------ SUPPLIED DATA

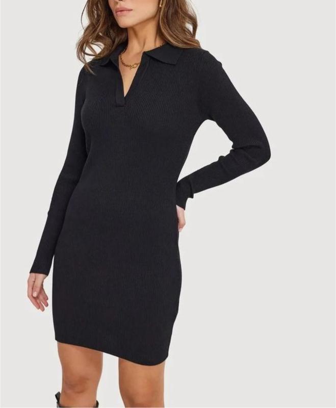 Сукня поло жіноча чорна в рубчик
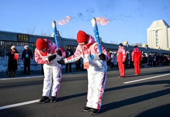 2月3日,在內蒙古呼倫貝爾市滿洲里國門景區(qū),火炬手包玲玲(右)和錢卓在火炬?zhèn)鬟f活動中。新華社記者 連振 攝
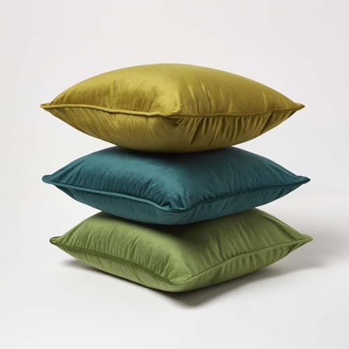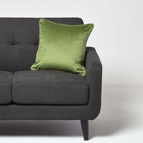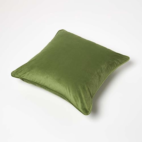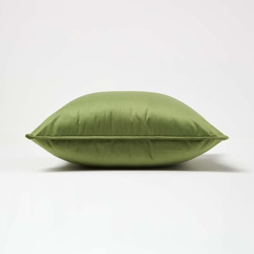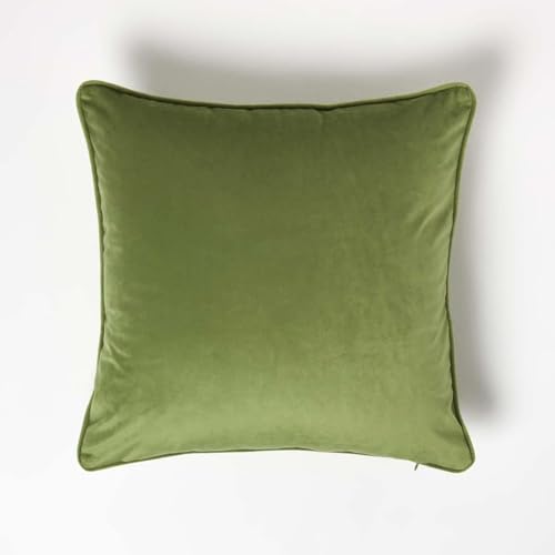 Hochwertiger einfarbiger Samt-Kissenbezug mit umlaufender Paspel und verdecktem Reißverschluss. Größe ca.: 46 x 46 cm. Farbe: Olivgrün.

------------

### WORK REQUEST
Output a verbatim copy of the lines from the line containing "2月3日,在內蒙古呼倫貝爾市滿洲里國門景區(qū),火炬手包玲玲(右)和錢卓在火炬?zhèn)鬟f活動中。新華社記者 連振 攝" through the end of the data, both included, without any images.

### SOLVED EXERCISE
 2月3日,在內蒙古呼倫貝爾市滿洲里國門景區(qū),火炬手包玲玲(右)和錢卓在火炬?zhèn)鬟f活動中。新華社記者 連振 攝
 Hochwertiger einfarbiger Samt-Kissenbezug mit umlaufender Paspel und verdecktem Reißverschluss. Größe ca.: 46 x 46 cm. Farbe: Olivgrün.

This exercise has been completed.